The Story of the Buddha and the Third Noble Truth

 

“It is good to tame the mind, which is difficult to hold in and flighty, rushing wherever it listeth; a tamed mind brings happiness.”

Gautama Buddha, The Dhammapada

 

 

Buddhism is a non-theistic religion. The Buddha is not a god to be worshiped. He was a man who reached enlightenment and shared this knowledge with disciples.

He began life as Siddhartha Gautama 2,600 years ago, an Indian prince whose father protected him from all suffering. Eventually, though, Siddhartha witnessed human suffering firsthand. He consequently renounced wealth and went in search of enlightenment, leaving the palace to join ascetics on his quest. After many years of difficult practice, the Buddha failed to achieve enlightenment. He left his fellow ascetics, eventually meditating under the Bodhi Tree where he understood the origin and cure for suffering: the Four Noble Truths.

As previously mentioned, the First Noble Truth is that life contains suffering. The Second is that we can trace the causes of suffering. The Third Noble Truth is that we can end our suffering.

Like Jesus, the Buddha told stories and used analogies to explain enlightenment. One of the best known involves being shot by an arrow.

Imagine being shot by an arrow. It would hurt, right? That’s pain.

Now imagine being shot in the same place by a second arrow. That would really hurt, right? That’s suffering.

We do this to ourselves all the time.

Here’s a ridiculous example from my own life.

A few days ago, as I was putting away groceries, a full bottle of kombucha fell off of the top shelf of the refrigerator onto the tile floor. It shattered. I was barefoot. I tiptoed out of the kitchen and put on my pink Croc sandals before heading back into the kitchen to deal with the mess. Later, the ball of my right foot hurt. This is all first arrow stuff. There was a bottle that fell, shattered, and made a mess. I cleaned up, and I noticed some pain later.

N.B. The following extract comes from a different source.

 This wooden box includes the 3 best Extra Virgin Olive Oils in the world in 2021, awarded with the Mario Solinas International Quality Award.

Here’s the second arrow. My foot would hurt, and I would think, what if there’s glass in there? Could there be a tiny piece of embedded glass? If there is, how will I get it out? If I can’t, I guess I could go to urgent care. But I live in Florida where COVID-19 cases are skyrocketing, and I don’t want to go to urgent care. What if I got COVID-19 from going to urgent care? Okay, I won’t go, but what if my foot gets infected? Does this mean I won’t be able to run? I mean even if there’s no glass in there, what if my foot still hurts tomorrow? I don’t want to miss a day of running. That would be awful!

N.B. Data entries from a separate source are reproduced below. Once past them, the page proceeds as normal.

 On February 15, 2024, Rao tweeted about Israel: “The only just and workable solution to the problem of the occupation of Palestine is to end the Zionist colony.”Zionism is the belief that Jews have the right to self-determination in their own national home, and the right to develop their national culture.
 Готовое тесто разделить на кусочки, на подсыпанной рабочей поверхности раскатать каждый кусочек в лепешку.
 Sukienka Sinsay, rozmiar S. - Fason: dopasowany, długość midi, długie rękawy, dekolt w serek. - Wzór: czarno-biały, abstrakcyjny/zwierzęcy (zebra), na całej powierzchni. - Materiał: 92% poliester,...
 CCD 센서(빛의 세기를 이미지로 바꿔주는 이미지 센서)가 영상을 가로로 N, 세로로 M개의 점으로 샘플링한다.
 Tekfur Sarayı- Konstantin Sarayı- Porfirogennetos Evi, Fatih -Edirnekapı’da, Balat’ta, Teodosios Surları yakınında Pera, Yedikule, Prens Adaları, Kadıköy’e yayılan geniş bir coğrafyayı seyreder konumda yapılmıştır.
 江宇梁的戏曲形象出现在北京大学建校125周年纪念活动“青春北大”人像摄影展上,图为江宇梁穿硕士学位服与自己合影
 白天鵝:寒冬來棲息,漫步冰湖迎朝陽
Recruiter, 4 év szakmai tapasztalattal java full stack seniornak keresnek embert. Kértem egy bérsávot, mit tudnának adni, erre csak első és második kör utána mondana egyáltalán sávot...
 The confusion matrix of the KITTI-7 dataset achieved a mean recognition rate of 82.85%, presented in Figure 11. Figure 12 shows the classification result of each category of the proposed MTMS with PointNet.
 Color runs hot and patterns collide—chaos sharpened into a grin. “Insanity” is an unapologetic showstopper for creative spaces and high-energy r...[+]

I’m happy to say that I didn’t (but in the past, I’m pretty sure I would have) add in various blaming insults to myself about being stupid to have allowed the bottle to drop in the first place.

That’s all second arrow suffering—minor suffering for sure—but if I’d already been anxious, maybe about something like a global pandemic, it may have been enough to make me truly suffer. And it came from my story, not from the shattered bottle.

Because the Buddha was a man, not a god, I have the same potential within me to end suffering that he had.

Therefore, thanks to mindfulness, I was able to pull back and see how I was making myself suffer unnecessarily and to stop telling that story.